About her recent Preludes and Fugues, set to several of the pieces from Bach’s The Well-Tempered Clavier, renowned choreographer Twyla Tharp says that she intended to have the piece “show the world as it ought to be.”

The quality she seems to find characteristic of Bach’s music is order and a measured and mathematical approach to sound. Which just goes to show that we humans often admire and desire traits that are other than our own.

That’s not to say Tharp is disorderly. Few trained dancers are. The discipline necessary to control the body’s many planes and movements with the precision necessary for complex choreography is staggeringly beyond most people.

Tharp, however, has long mixed, modified and mocked the rigidly defined traditions of dance, each form of which has its own training and style and its own philosophical commitments.

Tharp reorders, rather than disorders.

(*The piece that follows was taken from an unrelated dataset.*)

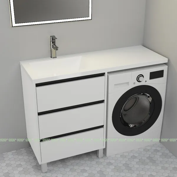 Создает единую поверхность стиральной машины и тумбы, без перепадов и зазоров. Не дает каплям воды попадать на поверхность тумбы, сохраняя ее первозданный вид, без разрушения.

Brings modern and classical, acrobatic and vernacular together in a kaleidoscopic mélange. It’s her thang, and nobody does it quite like she does.

This past weekend Cal Performances brought the touring Tharp and her wonderful company to Zellerbach Hall. A Bay Area premiere, Preludes and Fugues was the centerpiece of the program’s first half. It was preceded by Fanfare One, set to music by John Zorn. There is a striking similarity between the repetitions of Zorn’s composition for brass and the mathematical intricacies of Bach’s fugues.

This first half was rather like Balanchine’s neoclassical period. Even the costumes had a reserved and refined quality: the men in beige chinos and slightly blousy tops, thin gold belts circling their muscular but slim waists, the women in monochromatic short skirted ballet dresses, with piping that suggested a Grecian tunic. The pieces were pleasant but somewhat bland, saved by the dazzling vigor of the male dancers.

Fanfare One used a primarily balletic movement vocabulary – not one of Tharp’s strong suits. But Preludes and Fugues brought us slowly back to Tharp, with its insouciant steps, rocking back into the hips, one leg straight, the foot flexed. The unexpected ballroom dancing, hundreds of little jumps. All of it just a bit wry and sly. And speed speed speed: isn’t it just … preposterous? A dancer mugs at the audience.

All the pieces were company pieces, with duets the primary division, followed by trios, cascading into larger group pieces of twelve or so dancers.

The second half was more flashily Tharpian – reminiscent of Deuce Coupe and Push Comes to Shove, Yowzie, another Bay Area premiere, was the central piece. It was preceded by Fanfare Two, a shorter piece also set to a brass fanfare by Zorn. The stage was bathed in red light, the dancers transformed to black silhouettes wearing wacky hats, small black figures in front of the scrim, huge black figures enlarged by backlighting behind the scrim.

Yowzie opens with Rika Okamoto and Matthew Dibble, focusing on their story of the stoner couple not quite able to “connect” – the male distracted and adoring – of anything and anyone, apparently, the female zonked, only occasionally rising out of her careening psychedelic world. Okamoto’s deadpan was the perfect mask for her rambling attention. A series of short encounters, each with an accessible story followed. Everyone is costumed in slurries of tie-dyed motley. Yowzie is fun, dynamic, goofy, choreographically brilliant and shockingly difficult to dance.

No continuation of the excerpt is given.